# How do you use half angle identities to solve equations?

Apr 12, 2015

Common Half angle identity:
1. $\sin a = 2 \sin \left(\frac{a}{2}\right) \cdot \cos \left(\frac{a}{2}\right)$

Half angle Identities in term of t = tan a/2.
2. $\sin a = \frac{2 t}{1 + {t}^{2}}$

3.$\cos a = \frac{1 - {t}^{2}}{1 + {t}^{2}}$

1. $\tan a = \frac{2 t}{1 - {t}^{2}} .$

Use of half angle identities to solve trig equations.

Example. Solve $\cos x + 2 \cdot \sin x = 1 + \tan \left(\frac{x}{2}\right) .$
Solution. Call $t = \tan \left(\frac{x}{2}\right)$. Use half angle identities (2) and (3) to transform the equation.

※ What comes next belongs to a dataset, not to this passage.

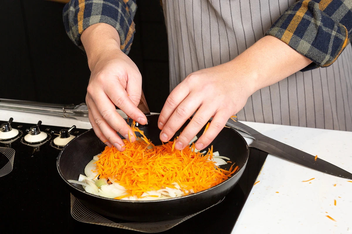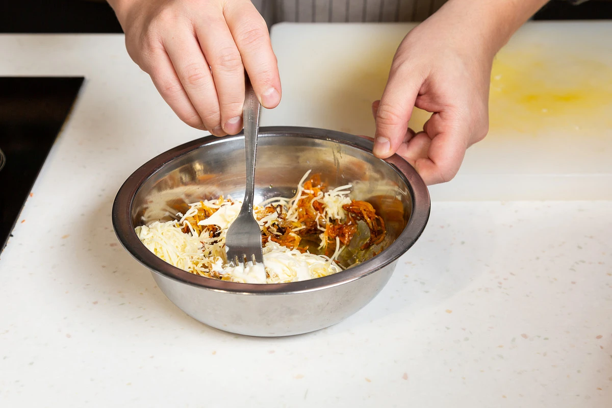 Выложите на сковороду лук, морковь и сливочное масло. Готовьте 5-7 минут, периодически помешивая, до золотистого цвета. Добавьте 100 мл воды и продолжайте готовить до выпаривания жидкости. Снимите с плиты и остудите.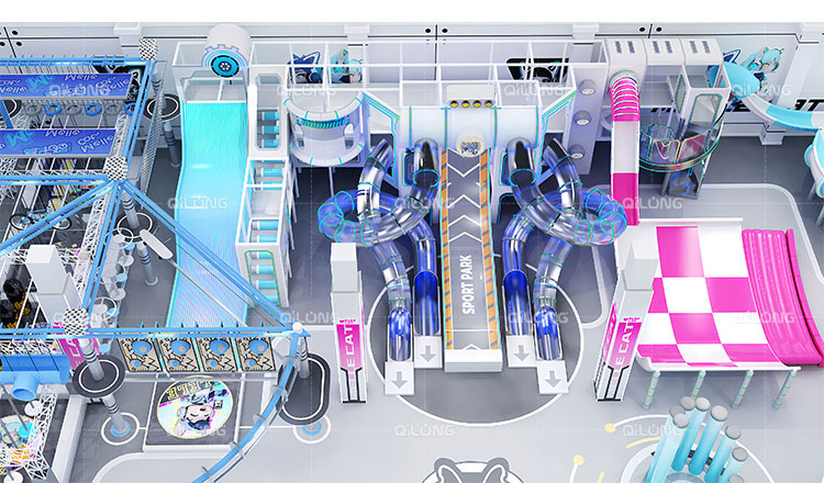 The Modern Indoor Playground System with its dual-tube slide structure is designed to be a stunning centerpiece attraction. It can be installed as an individual area in various venues such as shopping malls, family entertainment centers, amusement parks, and resorts. The transparent tubes provide a thrilling yet secure experience, while the cushioned landing zone ensures maximum safety for all riders. The LED lighting effects are fully customizable to match your venue’s theme.

$\frac{1 - {t}^{2}}{4} + \frac{1 + {t}^{2}}{4} = 1 + t .$

$1 - {t}^{2} + 4 t = \left(1 + t\right) \left(1 + {t}^{2}\right)$

${t}^{3} + 2 {t}^{2} - 3 t = t \cdot \left({t}^{2} + 2 t - 3\right) = 0.$

Next, solve the $3$ basic trig equations: tan (x/2) = t = 0; tan (x/2) = -3; and $\tan \left(\frac{x}{2}\right) = 1.$